For many nomadic week-to-week renters, this past year’s been both terrifying and enlightening.
Imagine: The end of the world begins, and you wake up living in a house full of zombies.
Last March, as restrictions and lockdowns due to the COVID-19 pandemic began to get serious in Boston, that is how I felt. At the time, as is still the case now, I was living in an Airbnb in Brighton, and as a result of my living situation, the apocalypse hit that much closer to home, or rather my lack thereof.
For someone like me, who doesn’t know what to do with his life and who doesn’t have enough money for the three or four months you have to pay in advance to rent a room (first and last and deposit plus broker fee), Airbnb seemed like a solid way to find places before the pandemic. In Brighton, I pay $240 a week for a bright and spacious room with a queen-size bed, two convenient desks with comfortable chairs, useful cabinets, and four windows. The three-story home has 10 bedrooms, four nice bathrooms, and a spacious and meticulously equipped kitchen—all recently restored. Also Wi-Fi and laundry. In addition to being a comfortable and inexpensive place to live, compared to other options in and around Boston, Airbnb was my best bet because, as a freelance journalist, when I have to travel, I simply leave for the allotted time and do not have to pay for weeks that I’m away.
After the coronavirus arrived, however, Boston became a ghost town, and unknown people kept arriving at my Airbnb to stay for a few days. Those zombies, with their unrecognizable faces and deadly habits, could kill you with their breath; or by opening the door of the house, the bathroom, or the refrigerator; or by tapping a frying pan.
I am not alone in living under these pandemic conditions.
Marie
Most of the people who have come to stay for just a few days during the pandemic have been backup nurses from all over the country and abroad. I have barely exchanged more than a few words with any of them, though from their license plates I have deduced that two came from Texas, one from California, two from Minnesota, and another from Nevada.
They hardly ever use the kitchen, usually preferring delivery food that they eat behind locked doors in their rooms. They enter and leave at untimely hours and I rarely even see them, though one morning I was able to thank one of them for her work by inviting her to breakfast. Marie is a French nurse and was on vacation in the US when the pandemic started. As part of her studies here, she has been allowed to practice on a volunteer basis.

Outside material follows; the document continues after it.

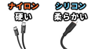 シリコン素材は非常に柔らかく、絡まず扱いやすいのが魅力で、バッグやポケットに入れてもスッと広がりストレスがありません。ただし耐久面ではナイロンに一歩劣る場合もあります。使用シーンや好みに合わせて素材を選ぶことで、快適に長く使えるケーブルを選べます。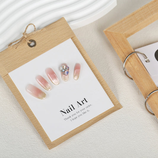 卓詩美軽奢白フレンチ純手作り甲頬紅高級猫眼ネイル純欲爪パッチ

Sharing close quarters with strangers can be odd, scary even, but that doesn’t mean that some of them aren’t good people.
Enrique
The fear of contagion from living in an Airbnb during the COVID scourge gets diluted as one gets used to taking proper precautions, and also learns to trust that others also take the virus seriously.

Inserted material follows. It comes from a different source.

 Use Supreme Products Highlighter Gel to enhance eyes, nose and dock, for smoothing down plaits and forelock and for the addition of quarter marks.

Still, for the kinds of working people who live in these rooms, the biggest dangers aren’t necessarily posed by other tenants.
Among those who live in my Airbnb for the long term is Enrique, a young Colombian who has taken advantage of various pandemic opportunities through modern web apps. At the beginning of the crisis, he was driving for Lyft and Uber, but stopped out of a fear of being infected by a passenger. All his fellow temporary tenants rejoiced at the decision.
Still, Enrique hasn’t stopped being productive. In the mornings, he works for Uber Eats: “Bro, these gringos are crazy,” he reports in Spanish with a chuckle. “There are those who pay more than $25 dollars for a coffee because what the drink is worth, what the delivery costs, and the tip they leave. On top of that, the coffee comes cold.”
Enrique checks for potential orders via Instacart, Doordash, and Drizly until he finds one that might make him some decent money. At specific hours in the afternoon, he ogles the Amazon app until he finds a block with more than $80 in profit that he can deliver in 45 minutes. Hearing Enrique talk about his daily adventures in our shared kitchen as we cook together has become one of my favorite pastimes during the pandemic; there are some days when he makes more than $300 in six work hours.
Living under the same roof, using the same appliances, it’s been impossible for me to keep socially distant from Enrique. On the positive side, he’s taught me to cook Colombian arepas and tamales with chocolate and cheese.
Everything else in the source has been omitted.